He groaned and closed his eyes. "Well, well," said Mr. Puddlebox, holding his hands and patting them. "There, boy, there. You're all right now. I'm to you now, boy."
"I suppose I fainted," Mr. Wriford said. "I found it was night and the tide up to my feet. I began to drag myself. I dragged myself up and up, and the tide followed. Is it still coming?"
"You're all right now, boy," said Mr. Puddlebox. "Boy, you're all right now."
He felt a faint pressure from Mr. Wriford's hands that he held; he saw in Mr. Wriford's eyes the same message that the pressure communicated. He twisted sharply on his heels, turning with a fierce and threatening motion upon the water as one hemmed in by ever-bolder wolves might turn to drive them back.

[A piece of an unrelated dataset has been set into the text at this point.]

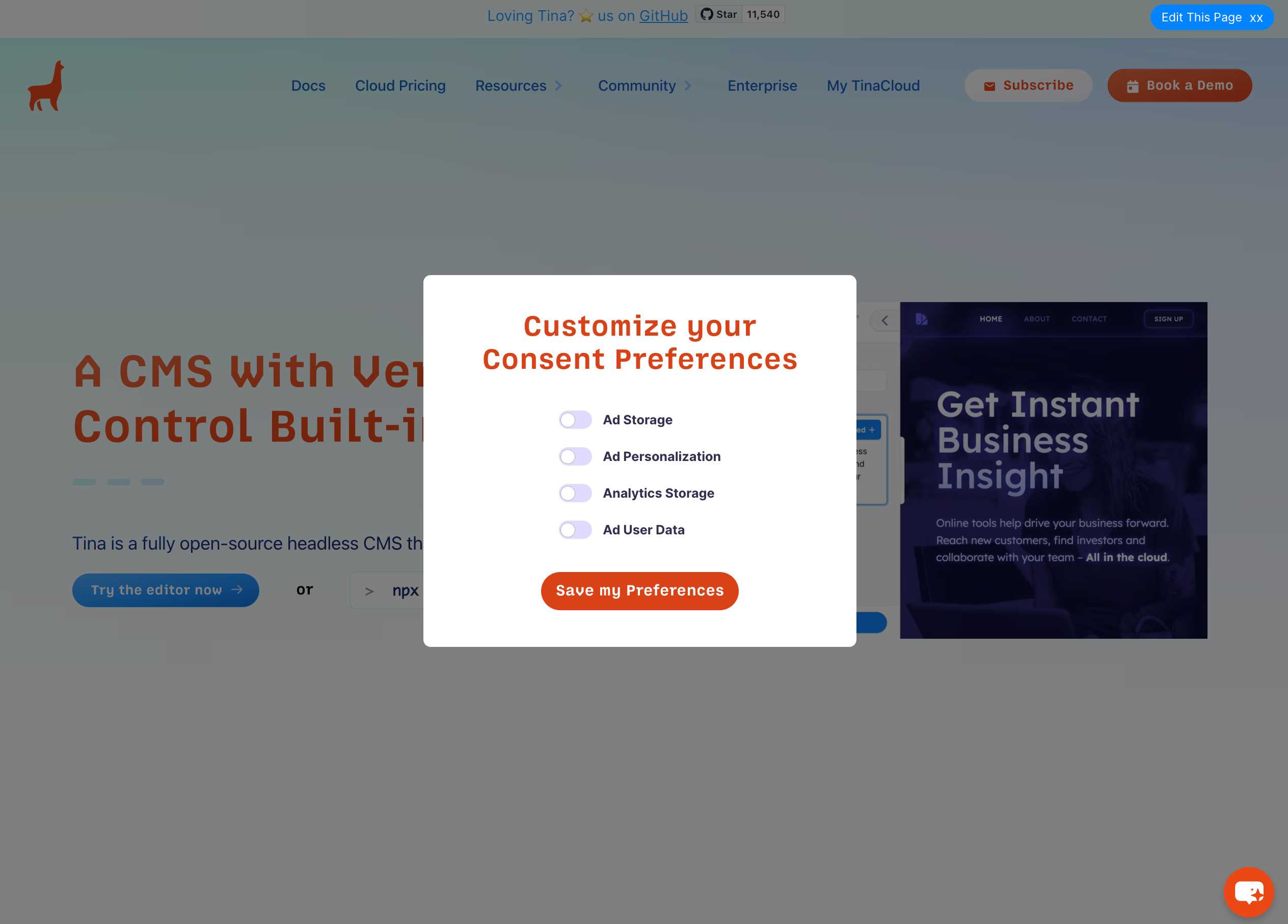 Figure: 🍪 Cookie Preference Modal on Tina.io Creating and sending cookies

From where he knelt the water was almost to be touched.
II
Mr. Puddlebox got to his feet and stooped and peered within the cave. The moon silvered a patch of its inner face. It gleamed wetly. He looked to its roof. Water dripped upon his upturned face. The cave would fill, when the tide was full. He caught his breath as he realised that, looked out upon the dark, still sea, and caught his breath again. He stepped out backwards till his feet were in the water and looked up the towering cliff. It made him sick and dizzy, and he staggered a splashing step, then looked again. To the line of the indentation that had seemed like a clump of moustache upon the cave's upper lip, the cliff on either hand showed dark. Above that line its slaty hue was lighter.
That was high-water mark.
He went a step forward and stood on tiptoe. The tips of his fingers could just reach the narrow indentation—just the tips of his fingers: and sick again he went and dizzy and came down to his heels and turned and stared upon the dark, still sea.
Then he went to Mr. Wriford again and crouched beside him: took his hands and patted them and smiled at him, but did not speak.